Con queste parole, in una lettera del 1632, l’architetto Francesco Richini, autore di notevoli edifici religiosi e patrizi della provincia di Milano, ringraziava Galeazzo Arconati per averlo ospitato nella sua villa alle porte della città durante la peste Manzoniana di due anni prima.
È, dunque, proprio alla residenza che è indirizzato il panegirico sopra riportato, parole che, per quanto cariche di enfasi retorica, ci trasmettono la visione e l’ambizione che avevano ispirato l’Arconati nel progettare la straordinaria villa che a distanza di quattro secoli – nell’odierna Bollate, all’interno del Parco delle Groane – porta ancora il nome del suo casato.
Feudatario della Pieve di Dairago, nonché cugino e pupillo del cardinale Federico Borromeo, Galeazzo Arconati fu mecenate, collezionista raffinato e architetto dilettante. Inclinazioni, queste, che lo portarono, nel 1610, all’acquisto della proprietà del Castellazzo, con annessi “casa da nobile” ed edifici di servizio.
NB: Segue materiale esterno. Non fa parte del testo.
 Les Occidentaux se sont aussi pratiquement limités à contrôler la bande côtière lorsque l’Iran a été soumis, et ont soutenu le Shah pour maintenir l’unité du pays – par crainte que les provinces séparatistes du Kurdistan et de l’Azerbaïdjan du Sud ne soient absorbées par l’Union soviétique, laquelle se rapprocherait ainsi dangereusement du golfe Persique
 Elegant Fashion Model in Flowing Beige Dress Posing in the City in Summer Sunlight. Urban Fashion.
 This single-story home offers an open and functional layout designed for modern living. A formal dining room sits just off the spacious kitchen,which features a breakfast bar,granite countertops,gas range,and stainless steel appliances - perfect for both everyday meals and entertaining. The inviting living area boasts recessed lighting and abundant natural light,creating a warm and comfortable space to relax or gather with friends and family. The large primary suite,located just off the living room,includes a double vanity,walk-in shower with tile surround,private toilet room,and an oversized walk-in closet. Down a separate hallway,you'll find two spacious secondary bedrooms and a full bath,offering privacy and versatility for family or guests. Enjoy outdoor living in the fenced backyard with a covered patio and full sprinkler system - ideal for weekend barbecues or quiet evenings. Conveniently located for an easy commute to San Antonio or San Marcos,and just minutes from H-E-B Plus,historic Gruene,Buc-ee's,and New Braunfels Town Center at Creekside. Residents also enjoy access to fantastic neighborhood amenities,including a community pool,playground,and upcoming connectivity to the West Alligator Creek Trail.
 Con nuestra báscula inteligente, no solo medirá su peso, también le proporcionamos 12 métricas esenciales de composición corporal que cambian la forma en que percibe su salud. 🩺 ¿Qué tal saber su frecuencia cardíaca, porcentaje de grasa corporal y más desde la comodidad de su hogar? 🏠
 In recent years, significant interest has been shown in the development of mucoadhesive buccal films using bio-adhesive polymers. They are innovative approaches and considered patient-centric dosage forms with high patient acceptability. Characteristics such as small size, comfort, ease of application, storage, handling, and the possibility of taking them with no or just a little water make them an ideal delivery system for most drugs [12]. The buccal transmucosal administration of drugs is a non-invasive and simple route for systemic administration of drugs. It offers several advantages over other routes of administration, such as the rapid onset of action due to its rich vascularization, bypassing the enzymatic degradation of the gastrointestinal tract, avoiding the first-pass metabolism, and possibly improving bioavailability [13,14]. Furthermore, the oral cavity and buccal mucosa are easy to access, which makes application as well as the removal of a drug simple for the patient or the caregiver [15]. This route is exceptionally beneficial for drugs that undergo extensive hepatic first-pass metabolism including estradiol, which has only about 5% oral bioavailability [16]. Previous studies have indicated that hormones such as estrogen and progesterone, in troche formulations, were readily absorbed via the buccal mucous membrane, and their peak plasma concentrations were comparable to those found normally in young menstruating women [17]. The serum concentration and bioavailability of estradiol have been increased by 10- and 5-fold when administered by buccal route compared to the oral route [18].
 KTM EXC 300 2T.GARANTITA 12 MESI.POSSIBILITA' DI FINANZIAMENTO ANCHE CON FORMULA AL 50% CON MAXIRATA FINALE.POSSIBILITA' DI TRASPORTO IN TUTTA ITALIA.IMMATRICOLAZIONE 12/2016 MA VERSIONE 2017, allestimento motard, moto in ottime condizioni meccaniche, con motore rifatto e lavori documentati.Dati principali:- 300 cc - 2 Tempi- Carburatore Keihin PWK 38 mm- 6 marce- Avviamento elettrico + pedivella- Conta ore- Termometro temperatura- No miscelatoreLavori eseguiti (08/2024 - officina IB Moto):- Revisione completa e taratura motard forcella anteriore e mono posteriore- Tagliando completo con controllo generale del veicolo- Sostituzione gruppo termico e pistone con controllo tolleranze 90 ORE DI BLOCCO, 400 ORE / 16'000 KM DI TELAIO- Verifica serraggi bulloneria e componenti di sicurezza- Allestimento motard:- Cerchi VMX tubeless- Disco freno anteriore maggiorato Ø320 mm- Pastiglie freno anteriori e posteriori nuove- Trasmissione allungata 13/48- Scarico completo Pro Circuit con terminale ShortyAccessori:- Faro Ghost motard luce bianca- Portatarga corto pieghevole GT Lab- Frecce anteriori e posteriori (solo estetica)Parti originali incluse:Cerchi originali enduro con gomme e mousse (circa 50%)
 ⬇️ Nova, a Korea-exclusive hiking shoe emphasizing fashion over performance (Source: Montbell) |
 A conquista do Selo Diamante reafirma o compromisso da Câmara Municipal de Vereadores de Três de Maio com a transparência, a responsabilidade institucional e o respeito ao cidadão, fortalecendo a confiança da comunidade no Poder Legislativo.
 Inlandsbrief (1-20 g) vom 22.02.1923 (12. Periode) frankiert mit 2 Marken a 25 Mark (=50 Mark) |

L’idea era di realizzare una sontuosa residenza che celebrasse il prestigio della famiglia e custodisse la già notevole collezione d’arte che, di lì a poco, si sarebbe arricchita di dodici manoscritti di Leonardo, compresi il Codice Atlantico e Codice Trivulziano 2162 poi donati alla Biblioteca Braidense, e dell’imponente Tiberio in marmo del I secolo d.C. ancora oggi in villa.
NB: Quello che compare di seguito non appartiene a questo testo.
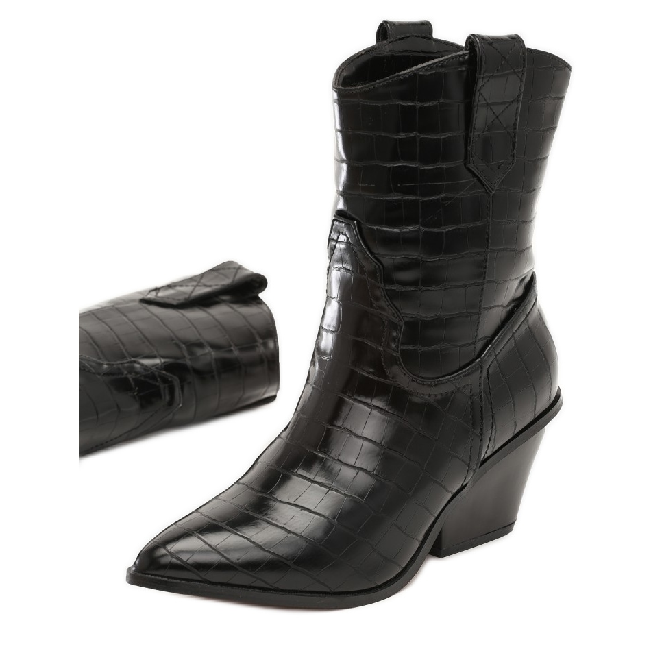 Découvrez un style et un confort extraordinaires avec les bottes de cowboy Vices 8498-38 en noir. Ces élégantes bottines à talon conique sont le choix parfait pour les femmes qui souhaitent allier look tendance et confort. Fabriquées en éco-cuir de haute qualité, les bottes de cowboy ont un gaufrage original imitant la peau de crocodile, qui ajoute du caractère et un style unique.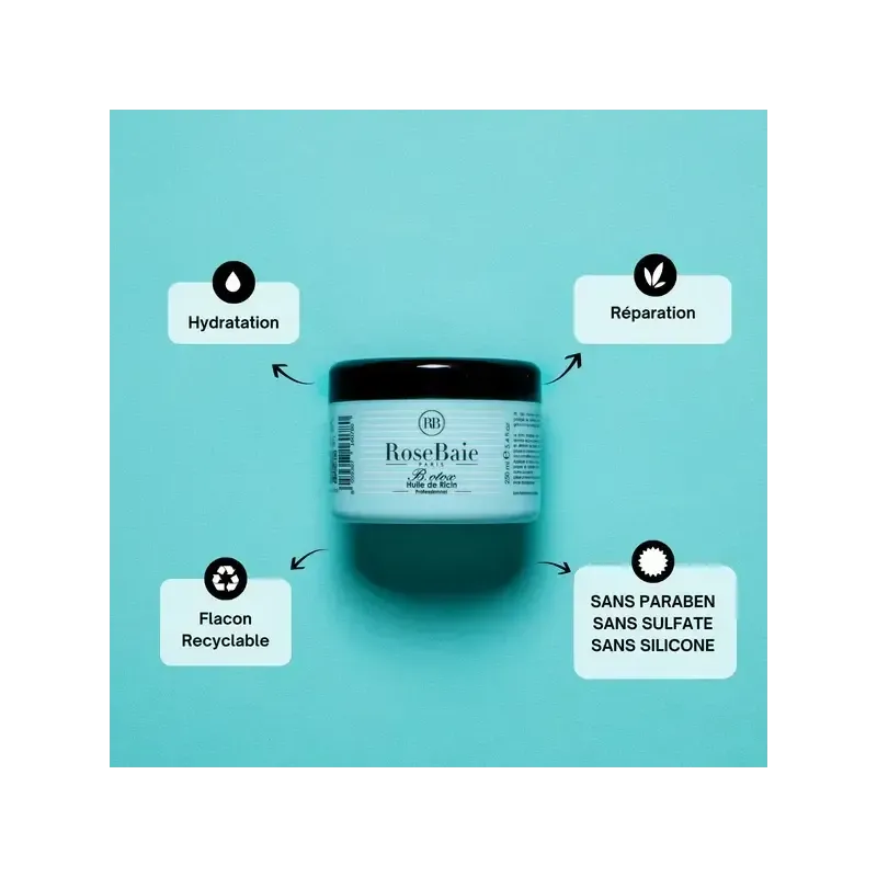 Huile de ricin fortifiante : Reconnue pour ses vertus, l'huile de ricin, riche en acides gras, nourrit en profondeur le cuir chevelu et la fibre capillaire, favorisant la pousse de cheveux plus forts.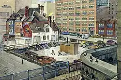 For many years she shared an apartment with Natalie Smith Henry at the Lambert Tree Studios building, and Henry depicted her in the watercolor Rowena Washing Her Hair sometime during the 1930s.[3] Fry went to Malvern, Arkansas to live with Henry later in life.[4] She died there, survived by two sisters,[5] and is buried in the town's Oak Ridge Cemetery; her grave marker gives a date of birth of October 27, 1900.[6] Fry's work is in the collection of the Illinois State Museum.[1] A collection of the two women's papers was digitized by the Archives of American Art at the Smithsonian Institution.[4]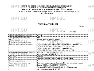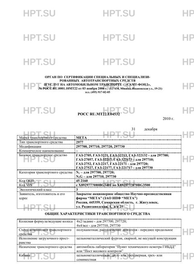 Тип ТС 297700, 297710, 297720, 297730 на шасси ГАЗ-2705, ГАЗ-3221, ГАЗ-32213, ГАЗ-322132 - для 297700; ГАЗ-27057, ГАЗ-32217, ГАЗ-322173 - для 297710; ГАЗ-2752, ГАЗ-2217, ГАЗ-22171 - для 297720; ГАЗ-27527, ГАЗ-22177, ГАЗ-221717 - для 297730
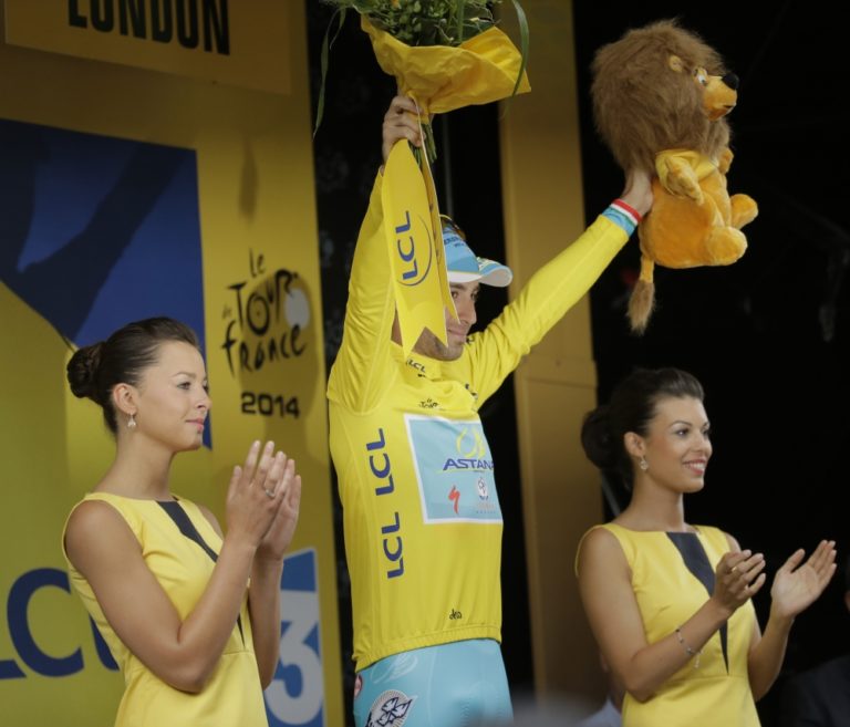 Taliansky cyklista Vincenzo Nibali si v tretej etape 101. ročníka Tour de France udržal žltý dres pre lídra pretekov. Foto: SITA/AP

Alla morte di Galeazzo nel 1648, il progetto era ancora incompiuto e tale sarebbe rimasto fino all’avvento di Giuseppe Antonio Arconati, che iniziò nuovi lavori nel 1742, ispirandosi in primis alla reggia di Versailles. Furono edificate allora l’ala sud-ovest e rimodellate quelle ovest e sud in stile barocchetto lombardo. È in questo periodo che la residenza assume sembianze e dimensioni odierne, con 70 stanze finemente decorate, distribuite in 10mila metri quadrati. Anche i 12 ettari di giardini furono in buona parte rivisitati alla francese, con l’aggiunta di innumeri fontane e giochi d’acqua e un parterre con serraglio di animali esotici davanti al prospetto sud.
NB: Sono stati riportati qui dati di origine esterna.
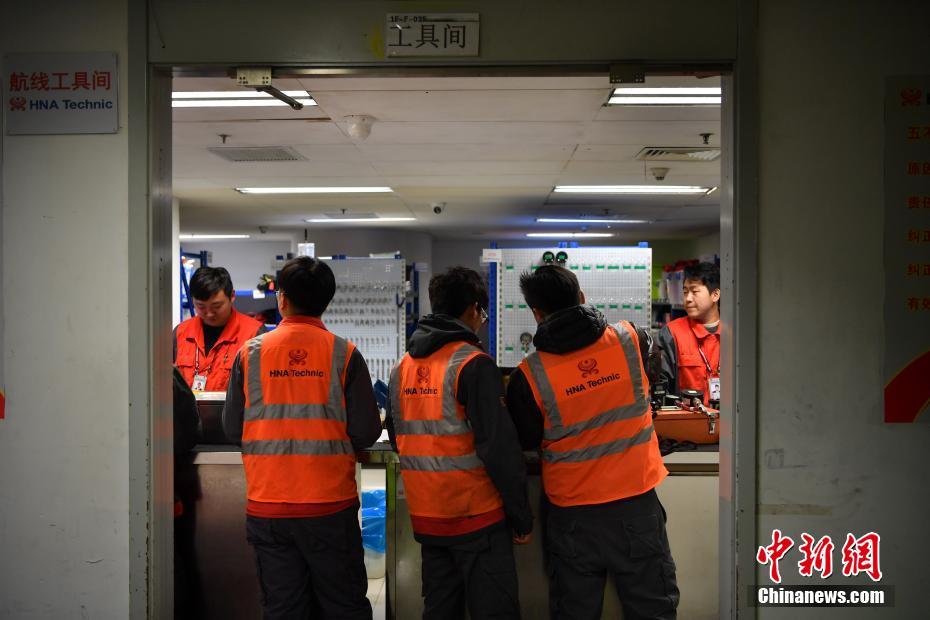 1月14日晚,一夜的航后检查工作即将开始,工程师在工具间进行工具准备。中新社记者 刘冉阳 摄

Con l’estinzione degli Arconati, a partire dal 1772 la villa passa prima cugini Busca e poi, alla metà del Novecento, ai Crivelli. Segue un lungo periodo di sostanziale abbandono che termina nei primi anni Novanta del secolo scorso, quando la residenza viene acquistata da una società di gestione immobiliare assieme e suoi giardini. Dal 2011, Villa Arconati è sede della Fondazione Augusto Rancilio, impegnata in un importante progetto di restauro e nella promozione di attività culturali e didattiche. Dal 2015, è aperta al pubblico ogni domenica da aprile a dicembre, mentre alcuni ambienti sono destinati a eventi e manifestazioni privati.